Updated by Viktor Gurov over 4 years ago
- Status changed from Feedback to Resolved
works fine on 2.5.0.a.20200506.1402
but I still don't know how to see the current LACP timeout mode,
no any info in sysctl, ifconfig or dmesg
only by checking the neighbor 'show lacp neighbor detail' output (?)

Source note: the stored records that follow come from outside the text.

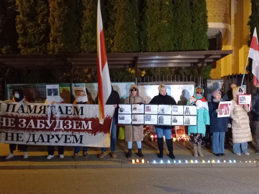 У Беластоку ўвечары 12 лістапада прайшла мемарыяльная акцыя. Яна адбылася на традыцыйным месцы ў Скверы Вольнай Беларусі каля цяперашняга консульства РБ. На яе сабралася каля 50 чалавек.
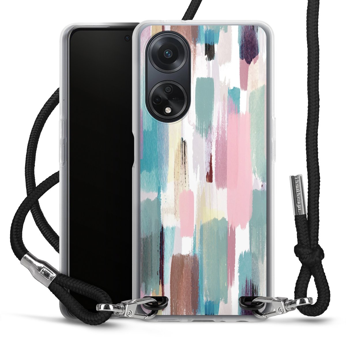 Habe Dein Handy, dank der flexiblen Silikon Handyhülle zum Umhängen mit der Handykette aus Stoff, immer griffbereit.
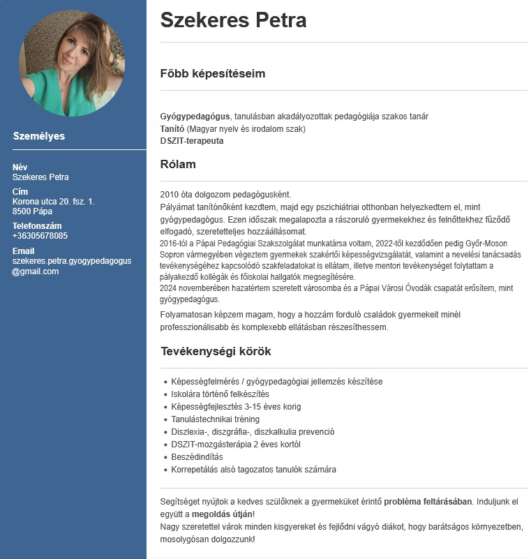 - E-mail: szekeres.petra.gyogypedagogus@gmail.com
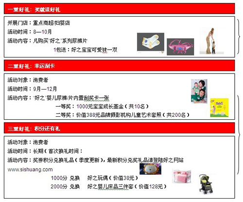 (1)为了促进产品在终端市场的动销,展开了三重好礼贺新生的促销活动:
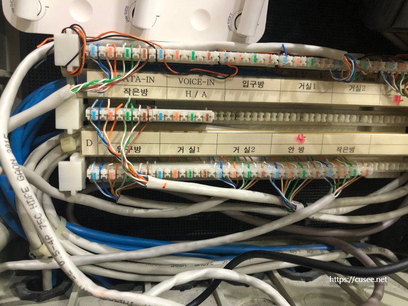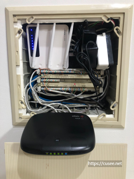 우리 집의 경우 모뎀(스위칭 허브 기능 포함)에서 나온 회선을 다시 공유기로 연결하여 각 방과 거실 포트로 분배해 주었다. 그러다 보니 세대통신단자함은 전원도 필요하고, 공간도 필요하다. 우리 집의 경우 겨우 선정리를 해서 빡빡하게 모뎀과 공유기를 넣었다.
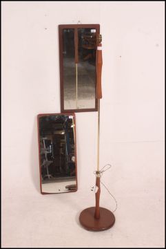 2 frameless mirrors on teak backs , both retro vintage mid century along with a teak and brass standard lamp. 150cm high x 31cm wide diameter
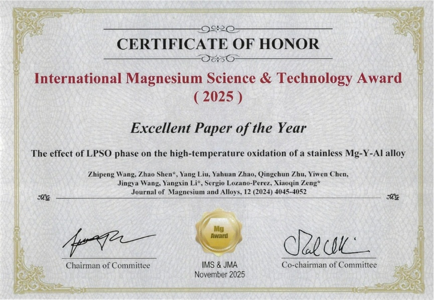 曾小勤教授团队沈朝副教授指导的论文“The effect of LPSO phase on the high-temperature oxidation of a stainless Mg-Y-Al alloy”荣获年度优秀学术论文奖(Excellent Paper of the Year)。研究揭示了Mg-11Y-1Al合金在500C下具备优异抗氧化性能的关键原因:网络状LPSO相在高温下会转变为针状结构,并在氧化前沿优先形成致密氧化物网络,从而加速构建连续、稳定的Y₂O₃保护膜。这一由微结构演化驱动的强化型氧化膜大幅降低了氧化速率,使合金在长时间暴露后仍保持良好完整性。研究最终形成了“结构转变促进膜层快速致密化”的新机制,为稀土镁合金的高温防护设计提供了新的思路。
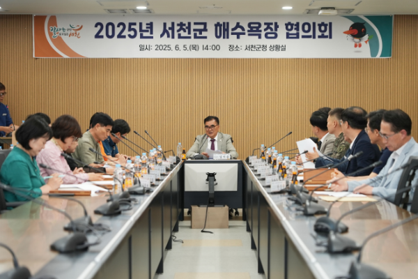 [충청25시] 서천군은 지난 5일 군청 상황실에서 ‘서천군 해수욕장협의회’를 개최하고 올해 춘장대해수욕장 개장 일정과 운영계획, 유관기관 협업체계 구축 방안 등을 집중 논의했다.
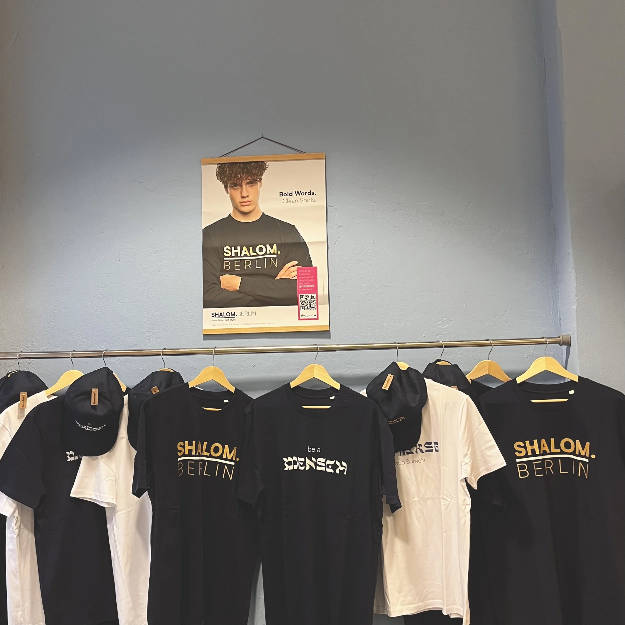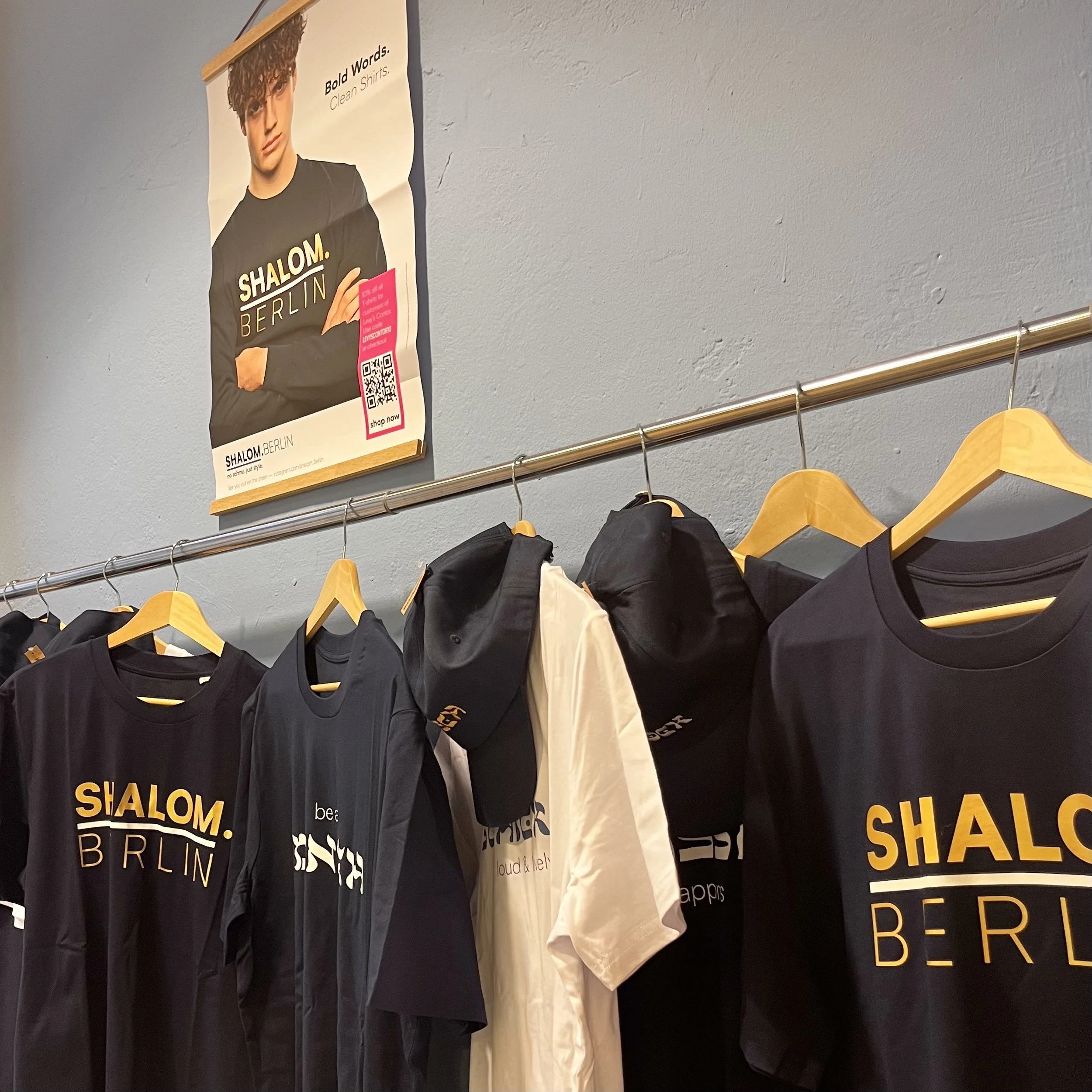 A curated selection of our T-shirts and our two caps are available at Levy’s Contor – presented on a dedicated SHALOM.BERLIN wall.

Updated by Jim Pingle over 4 years ago
It seems to be indicated by the flags value:
: ifconfig lagg0 lacp_fast_timeout : ifconfig -vvvv lagg0 lagg0: flags=8843<UP,BROADCAST,RUNNING,SIMPLEX,MULTICAST> metric 0 mtu 1500 options=1800000<TXRTLMT> ether 00:00:00:00:00:00 inet6 fe80::290:bff:fe37:a324%lagg0 prefixlen 64 scopeid 0x9 laggproto lacp lagghash l2,l3,l4 lagg options: flags=90<LACP_STRICT> flowid_shift: 16 lagg statistics: active ports: 0 flapping: 0 lag id: [(0000,00-00-00-00-00-00,0000,0000,0000), (0000,00-00-00-00-00-00,0000,0000,0000)] groups: lagg media: Ethernet autoselect status: no carrier nd6 options=21<PERFORMNUD,AUTO_LINKLOCAL>
: ifconfig lagg0 -lacp_fast_timeout : ifconfig -vvvv lagg0 lagg0: flags=8843<UP,BROADCAST,RUNNING,SIMPLEX,MULTICAST> metric 0 mtu 1500 options=1800000<TXRTLMT> ether 00:00:00:00:00:00 inet6 fe80::290:bff:fe37:a324%lagg0 prefixlen 64 scopeid 0x9 laggproto lacp lagghash l2,l3,l4 lagg options: flags=10<LACP_STRICT> flowid_shift: 16 lagg statistics: active ports: 0 flapping: 0 lag id: [(0000,00-00-00-00-00-00,0000,0000,0000), (0000,00-00-00-00-00-00,0000,0000,0000)] groups: lagg media: Ethernet autoselect status: no carrier nd6 options=21<PERFORMNUD,AUTO_LINKLOCAL>
90 vs 10. Though ifconfig isn't printing that in a friendly way.